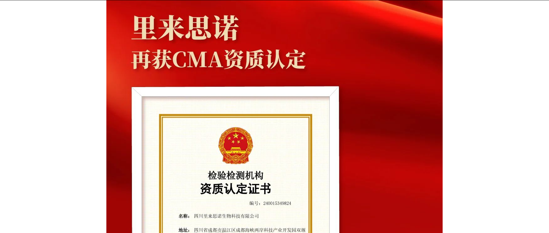 里來思諾正式獲得醫(yī)療器械和生物材料評價領(lǐng)域CMA資質(zhì)認定
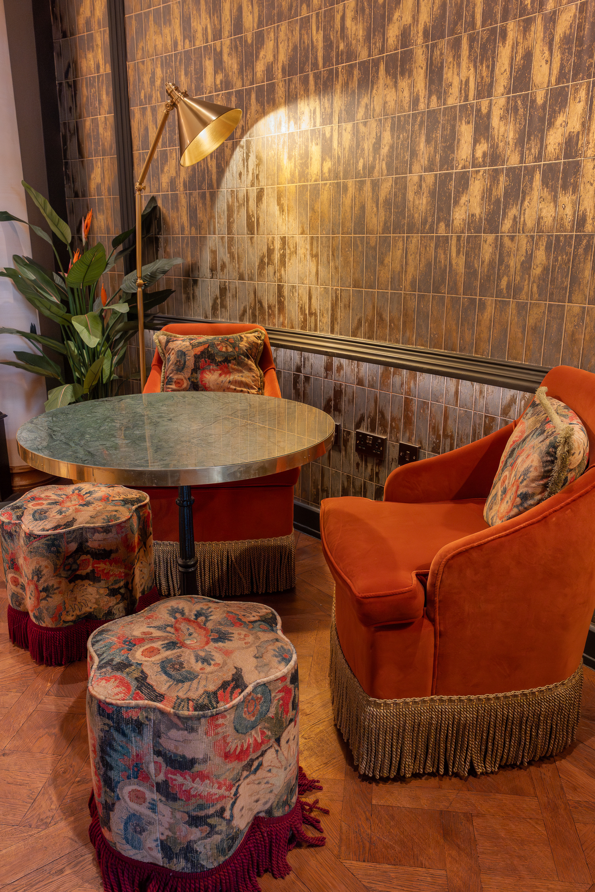 For the bar, Amy and Yvonne stools were specified with satin gold frames and a mix of Sunbury and Linwood fabrics, adding both texture and character to the space.
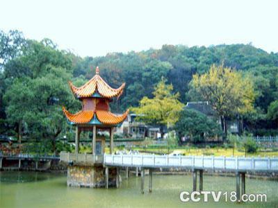 出亭上石拱桥,又有一坪,成三角形,坪边有银杏树两棵,树上挂满了白果。往右顺塘堤而行,不过五十步,就是山边石径,再前行数十步,有一小径上山,不出二十步有一长廊,廊中书法染壁。细数有李立、颜家龙等墨宝和“吾将上下而求索”等句。廊中有情侣嬉戏,也有童子读书。
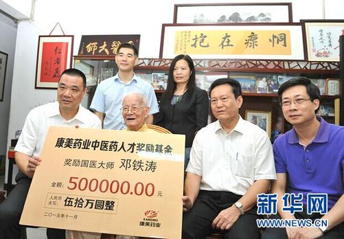 广州中医药大学党委书记黄斌,广州中医药大学第一附属医院院长冼绍祥,康美药业董事长、总经理马兴田,副董事长、常务副总经理许冬瑾,副总经理李建华等领导专程到“国医大师”邓铁涛教授家中登门拜访,并颁发50万元个人奖励基金。
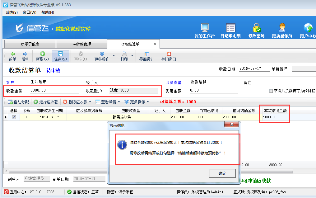 在應收款管理界面點擊“收款結算”按鈕可以打開收款結算單對應收款進行收款結算,單據主體“收款金額”錄入3000元,單據明細中“本次結銷金額”錄入2000元,保存收款結算單時系統提示“收款金額3000+優惠金額0大于本次結銷金額合計2000!........”無法保存成功!
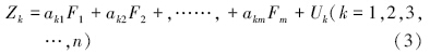 式中,Zk表示第k個變量的標(biāo)準(zhǔn)化分?jǐn)?shù),akm表示第m個因子相對于第k個變量的因子載荷,F(xiàn)m表示第m個公共因子,Uk為Zk的唯一因素,m表示所有變量公共因子的數(shù)目,n表示變量的個數(shù).
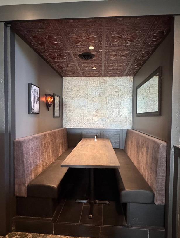 at home. Chris and his team took a former small room and transformed it into two eight-top private booths, complete with pull-across curtains for birthday parties and private gatherings—something he says is “tough to find” in Wichita.
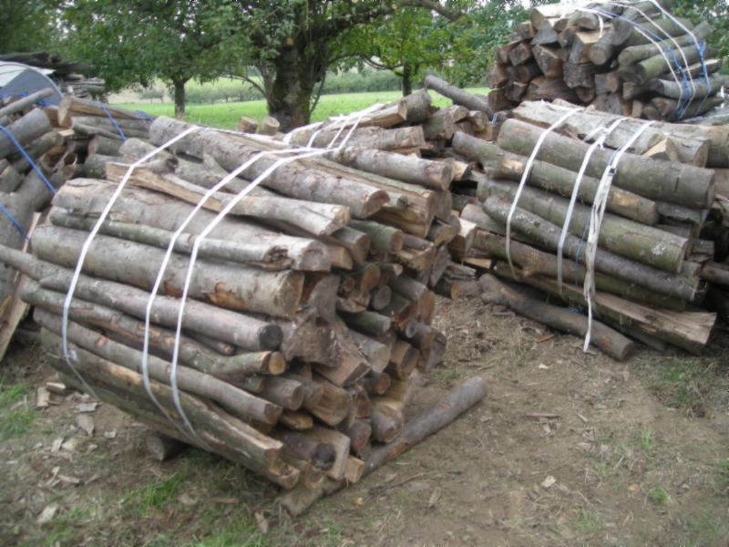 Ich hab das mit dem Bündeln heuer das erste mal probiert. HR Schlepper mit Klinklader und Bündelgestell aus 2 halbkreisförmigen U- Profilen, die ich selber gebogen habe, und die einfach am Boden stehen (eventuell mit Scheiten gegen Wegrollen gesichert, so braucht man auch keinen 2. Traktor etc...) => Low Cost Ansatz. Dazu eine drehbare Hubtraverse mit 2 nicht scharfkantigen Haken (zum Einhängen am Band) am FL und schon kann man die Bündel bequem stapeln. Ich verwende 19mm Bänder mit phosphatierten Klemmen. Es ist keines der Bündel an den Klemmen aufgegangen- jedoch 2x ist das Band gerissen, weil es an scharfen Kanten verletzt wurde. 4% Ausfallquote ist für mich ok! Bündeln ist kurz und knapp eine Arbeitserleichterung und Zeitersparnis, wenn man das Holz nicht am selben Ort lagert oder schneidet wo es gespalten wird.

* * *

*What is being asked*. Exactly reproduce the lines that run from the first line of the listing above to the line containing "at home. Chris", including both; omit the pictures.

*Answer to this task*.
 里來思諾正式獲得醫(yī)療器械和生物材料評價領(lǐng)域CMA資質(zhì)認定
 For the bar, Amy and Yvonne stools were specified with satin gold frames and a mix of Sunbury and Linwood fabrics, adding both texture and character to the space.
 出亭上石拱桥,又有一坪,成三角形,坪边有银杏树两棵,树上挂满了白果。往右顺塘堤而行,不过五十步,就是山边石径,再前行数十步,有一小径上山,不出二十步有一长廊,廊中书法染壁。细数有李立、颜家龙等墨宝和“吾将上下而求索”等句。廊中有情侣嬉戏,也有童子读书。
 广州中医药大学党委书记黄斌,广州中医药大学第一附属医院院长冼绍祥,康美药业董事长、总经理马兴田,副董事长、常务副总经理许冬瑾,副总经理李建华等领导专程到“国医大师”邓铁涛教授家中登门拜访,并颁发50万元个人奖励基金。
 在應收款管理界面點擊“收款結算”按鈕可以打開收款結算單對應收款進行收款結算,單據主體“收款金額”錄入3000元,單據明細中“本次結銷金額”錄入2000元,保存收款結算單時系統提示“收款金額3000+優惠金額0大于本次結銷金額合計2000!........”無法保存成功!
 式中,Zk表示第k個變量的標(biāo)準(zhǔn)化分?jǐn)?shù),akm表示第m個因子相對于第k個變量的因子載荷,F(xiàn)m表示第m個公共因子,Uk為Zk的唯一因素,m表示所有變量公共因子的數(shù)目,n表示變量的個數(shù).
 at home. Chris and his team took a former small room and transformed it into two eight-top private booths, complete with pull-across curtains for birthday parties and private gatherings—something he says is “tough to find” in Wichita.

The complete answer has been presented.